Maria finds inspiration in exploring the provincial parks and conservation areas of Southern Ontario. She enjoys painting all the seasons, and some of her favourite subjects are dunes and marshes. She believes in the importance of painting on site in order to closely observe the colours and values more carefully. Last year, she was invited to write an article about her oil palette knife technique for the International Artist Magazine. (https://www.mariaiva.com/ArticleDetail/10696.) She is an Elected Member of the Society of Canadian Artists and the Ontario Society of Artists, as well as a Master Signature Member of Pastel Artists Canada.
Maria talked us through a few recordings of her process painting in oils with a palette knife, and answered questions. She finds that using a palette knife have benefits such as not requiring mediums or cleaning of brushes; encouraging cleaner colours, looser strokes, and faster painting; and providing textural and impressionistic results! She paints wet-on-wet with a very light touch, which allows the paint to slide on layer by layer. The first layer is very thin as she lays down the structure of the painting with shapes in warms and cools.

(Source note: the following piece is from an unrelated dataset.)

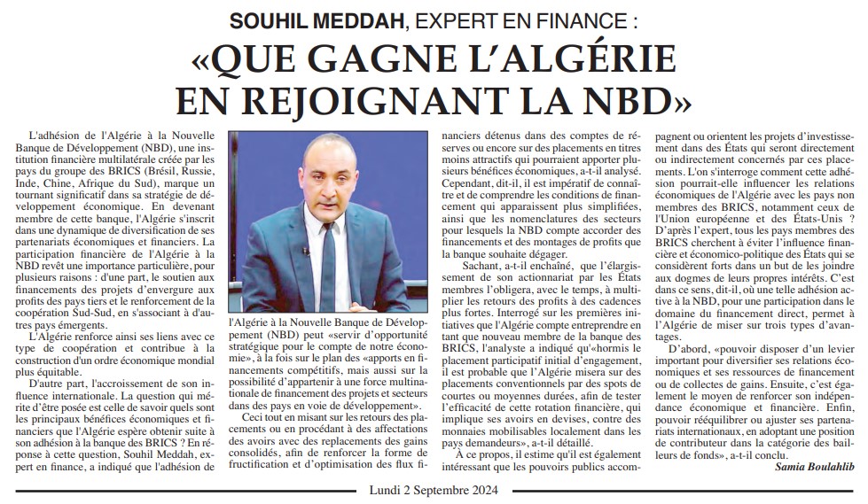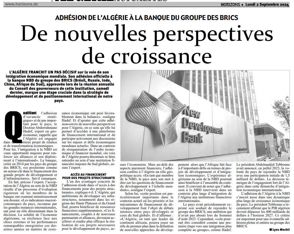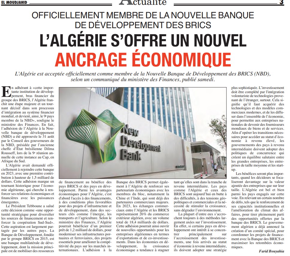 L’Algérie, la nouvelle banque de développement (NBD), les BRICS et la Révolution

In the second layer she adds local colour. In subsequent layers, Maria continues to add detail and develop the painting to the finished stage.
We were all very impressed with Maria’s paintings and process. She emphasized the importance of mixing colours in advance and mixing up sufficient paint so as not to skimp on textural application when using the palette knife. She suggests using a palette knife which is flexible (metal) and has a pointed tip. Thank you, Maria for an exciting and educational presentation!